EU member states are expected to open EU accession talks with the former Yugoslav Republic of Macedonia before the end of June 2013, the Foreign Affairs Committee said on Monday. Incidentally, Macedonia was granted EU candidate status in December 2005.
In a vote on the Macedonia's 2012 progress report, MEPs called on the EU enlargement Commissioner to assess the cost of non-enlargement, including key risks for the country should the current status quo persist.
The resolution, drafted by Richard Howitt (S&D, UK), was adopted by 39 votes to 13, with no abstentions. It is likely to be put to a vote by the European Parliament as a whole at the May plenary session in Strasbourg.
MEPs noted in the resolution that the start of negotiations could prove to be a "game-changer," giving positive impetus to further reforms and promoting favorable relations with neighbors. They hailed Macedonia's constructive role in its relations with other enlargement countries, particularly the recent meeting between representatives of Skopje and Sofia governments.
The committee also stressed that the inability to solve the name dispute with Greece has blocked Macedonia's road to EU membership, and called for definitive conclusion under the UN auspices without delay.
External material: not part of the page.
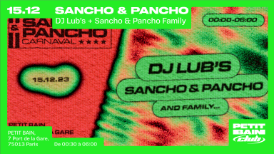 OUVERTURE DES PORTES : 00h30. Sancho & Pancho est de retour à @Petit Bain le 15 décembre pour couler la péniche ! 🛳️⚓️ Pour la dernière de l’année, on vous accueille en famille avec des dj sets, de la danse, des lives et quelques surprises 💃🏼🕺🏼🎤 @Dj Lub’s nous fait l’immense honneur de venir du Canada pour un dj set très shatta 🔥 Comme d’habitude on va rebola sur du Shatta, Dancehall, Bouyon, Soca, Baile Funk, Dembow… Préparez-vous à suer 🥵🥵 DJ Lub's est un DJ et producteur de musique de renommée internationale avec plus de 10 ans d'expérience dans l'industrie. Ses influences afro-caribéennes se reflètent dans sa musique, qui combine des sons et des rythmes inspirés de différentes cultures pour créer une expérience musicale unique. DJ Lub a accumulé plus de 18 millions de vues sur YouTube et plus de 10 millions de streams sur des plateformes telles que Spotify, SoundCloud, Apple Music et Deezer. Il a été l'un des premiers DJ de dancehall à dépasser les 6 millions de vues sur YouTube avec son mix "Watch out Fi Dis". Sancho & Pancho est un duo de DJ, un collectif et un label de musique. Sancho & Pancho joue essentiellement une musique mondiale et moderne (Baile Funk, Dancehall, Shatta, Afrobeat, Batida, Dembow, Bouyon...) en soirées, en playlists et en radios dans le cadre de sa résidence Rinse : Dans la Sauce. Inspiré par les esthétiques musicales les plus radicales, les plus festives et les plus dansantes, Sancho & Pancho n’aspire qu’à faire respecter leur devise : Condamné à faire suer. ---------------------------------------------------------------------- Petit Bain est un lieu festif et accueillant. Il défend des valeurs d’égalité, de partage, de respect et de bienveillance. Toute l’équipe défend ces valeurs et nous invitons vivement que les publics, artistes et collaborateurs·rices du lieu en fassent de même. L'organisation ne tolère aucun comportement agressif, violent ou discriminant, pouvant entraîner le refus d'entrée ou l'expulsion. - Interdit aux moins de 18 ans -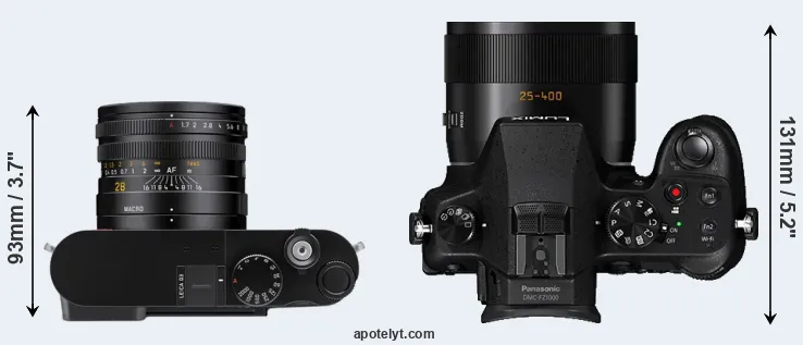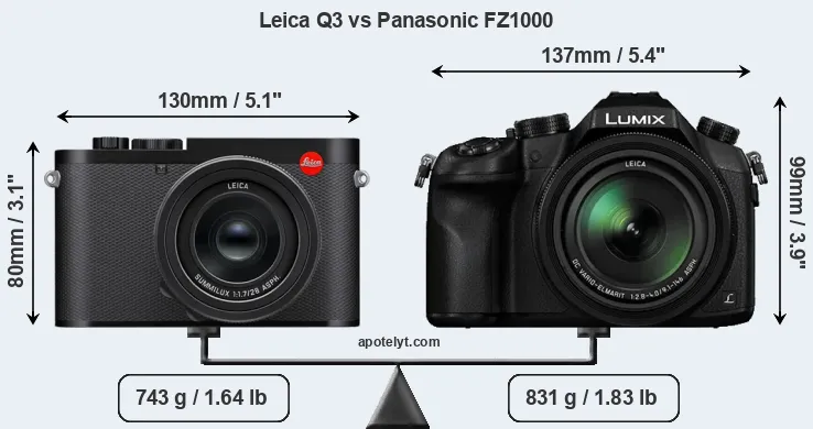 The side-by-side display below illustrates the physical size and weight of the Leica Q3 and the Panasonic FZ1000. The two cameras are presented according to their relative size. Three consecutive perspectives from the front, the top, and the back are available. All width, height and depth dimensions are rounded to the nearest millimeter.

MEPs fully supported the recent agreement unblocking the deadlock in the domestic politics after a series of disturbing events in December, which saw a third of Macedonian MPs and journalists forced out of the parliament.
They said all political forces in Macedonia must respect its parliament as a key democratic institution for discussing and resolving political differences, and called for a comprehensive reform of the parliament's procedures.
The MEPs also voiced concern about the ongoing tensions in inter-ethnic relations in Macedonia, stressing that political dialogue be stepped up to eliminate the risk of a polarization of society along ethnic lines. They called on the Macedonian government to send clear signals that discrimination on the basis of national identity is not tolerated in the country.
The Commission also stressed on the need for further effort to enforce anti-corruption legislation, ensure the independence and impartiality of the judiciary in practice and overcome widespread self-censorship among journalists.